Training-Free Unsupervised Prompt for Vision-Language Models
CoRR(2024)
摘要
Prompt learning has become the most effective paradigm for adapting large
pre-trained vision-language models (VLMs) to downstream tasks. Recently,
unsupervised prompt tuning methods, such as UPL and POUF, directly leverage
pseudo-labels as supervisory information to fine-tune additional adaptation
modules on unlabeled data. However, inaccurate pseudo labels easily misguide
the tuning process and result in poor representation capabilities. In light of
this, we propose Training-Free Unsupervised Prompts (TFUP), which maximally
preserves the inherent representation capabilities and enhances them with a
residual connection to similarity-based prediction probabilities in a
training-free and labeling-free manner. Specifically, we integrate both
instance confidence and prototype scores to select representative samples,
which are used to customize a reliable Feature Cache Model (FCM) for
training-free inference. Then, we design a Multi-level Similarity Measure (MSM)

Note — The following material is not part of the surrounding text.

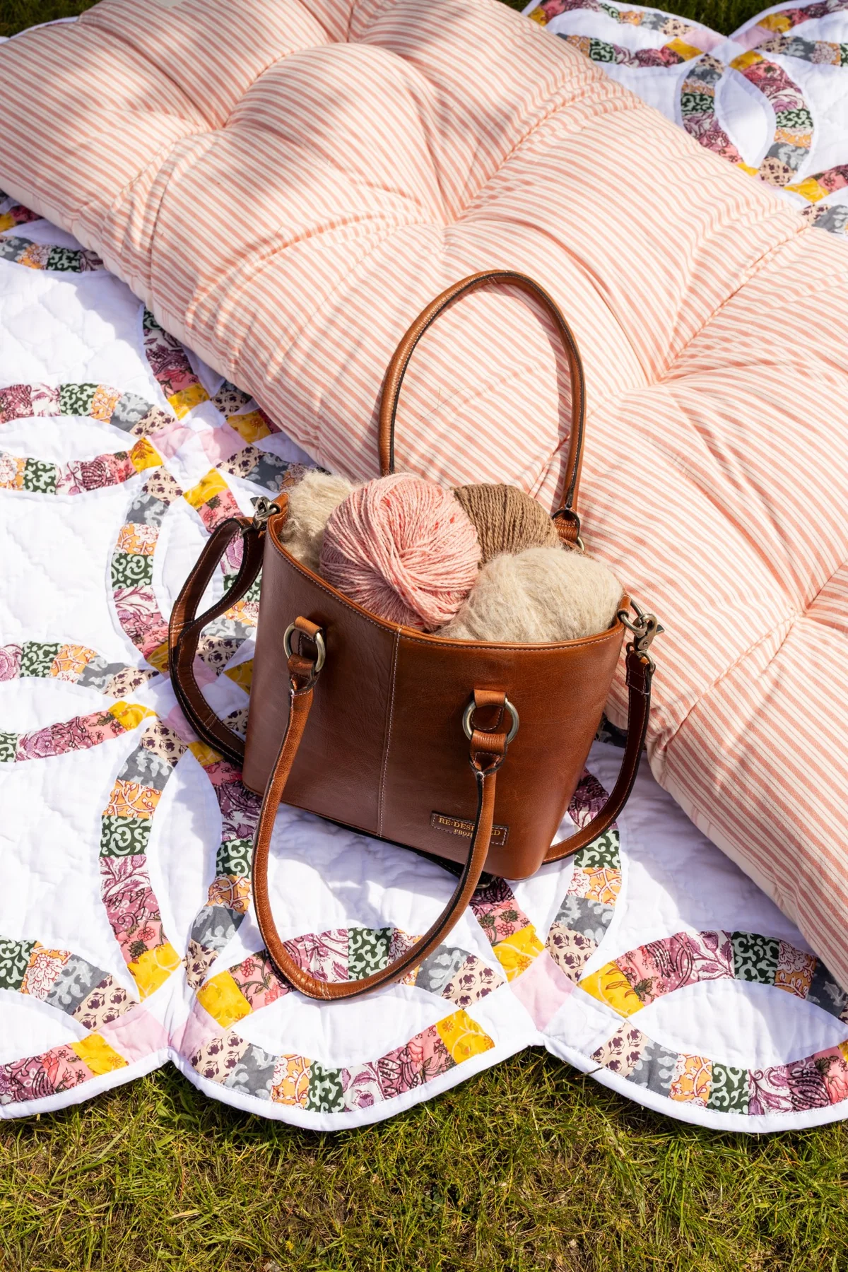 Project 106 — елегантна сумка через плече, створена для зручного зберігання пряжі та вʼязальних проєктів у дорозі. Ідеально підходить як для щоденного використання, так і для подорожей.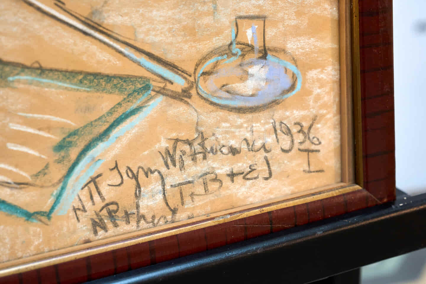 Ciekawa jest technika (ołówek i kredki pastelowe na papierze), ale również rozbudowana sygnatura, która znajduje się najczęściej w prawym dolnym rogu. Dzięki niej wiemy, co dokładnie zażywał, albo popijał Witkacy wykonując portret.

that considers both feature-level and semantic-level similarities to calculate
the distance between each test image and the cached sample as the weight of the
corresponding cached label to generate similarity-based prediction
probabilities. In this way, TFUP achieves surprising performance, even
surpassing the training-base method on multiple classification datasets. Based
on our TFUP, we propose a training-based approach (TFUP-T) to further boost the
adaptation performance. In addition to the standard cross-entropy loss, TFUP-T
adopts an additional marginal distribution entropy loss to constrain the model
from a global perspective. Our TFUP-T achieves new state-of-the-art
classification performance compared to unsupervised and few-shot adaptation
approaches on multiple benchmarks. In particular, TFUP-T improves the
classification accuracy of POUF by 3.3
dataset.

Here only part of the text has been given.